Briefly describe one advantage and one disadvantage of the approach to data modeling taken in part 1.
Another way to capture the relationships would be to take an approach that allows you to embed one type of document in another. Illustrate this approach by showing how the tuples from part 1 would be captured as one or more documents in MongoDB. The guidelines from part 1 also apply here.
Briefly describe one advantage and one disadvantage of the approach to data modeling taken in part 3.
Consider the updates that need to happen when the bookseller attempts to sell one or more copies of a given book. Discuss the appropriateness of the data-modeling approaches from parts 1 and 3 in light of this particular use of the database.

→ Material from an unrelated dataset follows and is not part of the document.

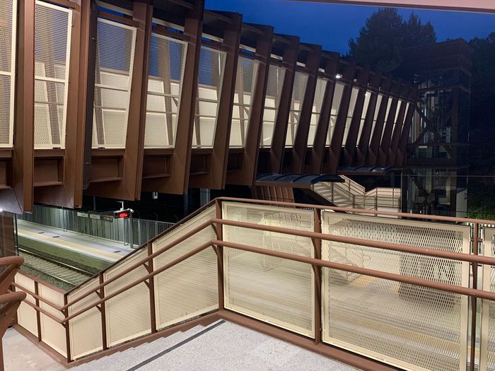 Para dicho paso elevado, Renfe ha apostado por un diseño innovador, con una arquitectura que además de funcional, aporta un valor añadido a esta zona de la comarca del Vallés Occidental. Así, la pasarela se permeabiliza en el Macizo de Monserrat, donde el color y materiales elegidos se integran perfectamente con el entorno, y su diseño en anillos secuenciales y ascensores panorámicos permiten observar desde todos los puntos de su recorrido la posición del viajero, lo que aporta sensación total de seguridad, además de luz natural para la mejora de la eficiencia energética de la estación.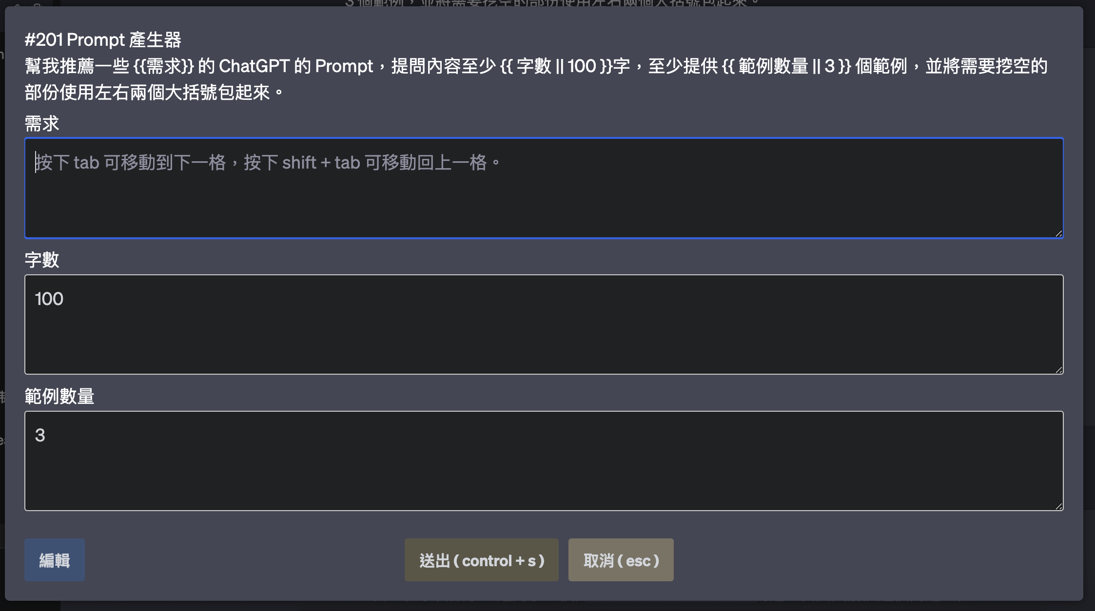 幫我推薦一些 {{需求}} 的 ChatGPT 的 Prompt,提問內容至少 {{ 字數 || 100 }}字,至少提供 {{ 範例數量 || 3 }} 個範例,並將需要挖空的部份使用左右兩個大括號包起來。

Problem 2: Logging and recovery

18 points total

Consider the following sequence of log records written by a system that uses undo-redo logging:

LSN	record contents
0	txn: 1; BEGIN
10	txn: 1; item: A; old: 100; new: 110; olsn: 0
20	txn: 2; BEGIN
30	txn: 2; item: B; old: 200; new: 210; olsn: 0
40	txn: 1; item: C; old: 300; new: 310; olsn: 0
50	txn: 1; item: D; old: 400; new: 410; olsn: 0
60	txn: 2; COMMIT
70	txn: 1; item: B; old: 210; new: 220; olsn: 30
80	txn: 1; item: D; old: 410; new: 420; olsn: 50

(7 points) If a crash occurs and log record 80 is the last one to make it to disk, what steps would be performed during recovery if the system is performing undo-redo logging and the on-disk datum LSNs are not consulted? (In other words, you should assume that the system is not performing logical logging, and thus you don’t need to worry about redoing or undoing a change unnecessarily.) Complete the table provided in ps5_partI to show how each log record would be handled during both the backward and forward passes.
(7 points) If a crash occurs and log record 80 is the last one to make it to disk, what steps would be performed during recovery if the system is performing undo-redo logging and the on-disk datum LSNs are consulted (i.e., the system is performing logical logging)?

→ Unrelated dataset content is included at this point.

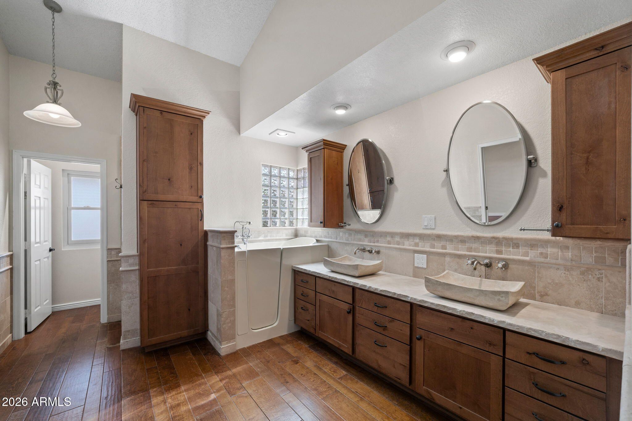 - Non-laminate Counter, Quartz Countertops, Double Vanity, Eat-in Kitchen, No Interior Steps, Vaulted Ceiling(s), Wet Bar, Pantry, Full Bth Master Bdrm, Separate Shwr & Tub

Complete the table provided in ps5_partI to show how each log record would be handled during both the backward and forward passes. You should assume that the datum LSNs at the start of recovery are the following:
- A: 10
- B: 70
- C: 0
- D: 0
In addition, you should assume that the recovery subsystem does not perform any actions that the LSNs indicate are unnecessary.
(4 points) Now assume that a dynamic checkpoint had occurred between log records 30 and 40.

a. How (if at all) would that change which log records are considered during the backward pass? Explain briefly.

b. How (if at all) would that change which log records are considered during the forward pass? Explain briefly.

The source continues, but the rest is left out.